> _Listed entries_:

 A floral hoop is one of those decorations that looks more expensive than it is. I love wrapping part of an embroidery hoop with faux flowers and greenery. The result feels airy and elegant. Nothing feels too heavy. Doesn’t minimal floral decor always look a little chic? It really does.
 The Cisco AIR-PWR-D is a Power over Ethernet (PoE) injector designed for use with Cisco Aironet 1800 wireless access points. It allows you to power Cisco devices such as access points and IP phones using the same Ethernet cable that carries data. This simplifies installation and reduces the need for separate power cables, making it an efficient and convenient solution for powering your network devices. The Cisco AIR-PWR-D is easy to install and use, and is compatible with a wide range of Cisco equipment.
* * *
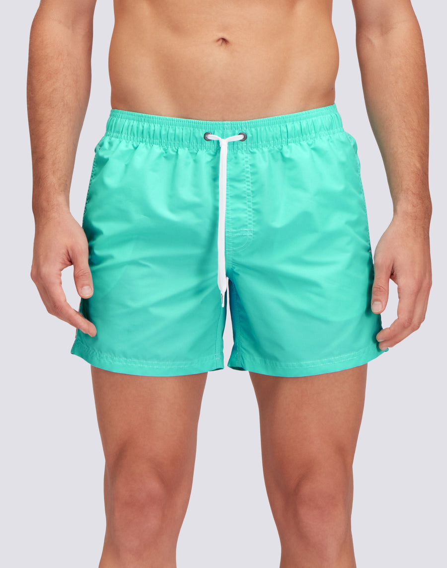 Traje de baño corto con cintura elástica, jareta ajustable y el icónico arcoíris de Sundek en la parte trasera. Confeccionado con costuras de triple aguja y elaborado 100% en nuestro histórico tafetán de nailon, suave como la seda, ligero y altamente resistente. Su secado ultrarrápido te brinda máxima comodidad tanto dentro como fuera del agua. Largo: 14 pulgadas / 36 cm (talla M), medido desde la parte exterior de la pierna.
--
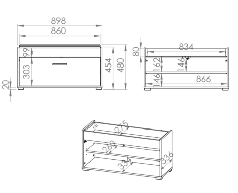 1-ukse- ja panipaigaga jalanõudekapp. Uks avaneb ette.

> _Task statement_: Find each line holding the string "that" in the listing above, then copy it.

> _Task output_:
 A floral hoop is one of those decorations that looks more expensive than it is. I love wrapping part of an embroidery hoop with faux flowers and greenery. The result feels airy and elegant. Nothing feels too heavy. Doesn’t minimal floral decor always look a little chic? It really does.
 The Cisco AIR-PWR-D is a Power over Ethernet (PoE) injector designed for use with Cisco Aironet 1800 wireless access points. It allows you to power Cisco devices such as access points and IP phones using the same Ethernet cable that carries data. This simplifies installation and reduces the need for separate power cables, making it an efficient and convenient solution for powering your network devices. The Cisco AIR-PWR-D is easy to install and use, and is compatible with a wide range of Cisco equipment.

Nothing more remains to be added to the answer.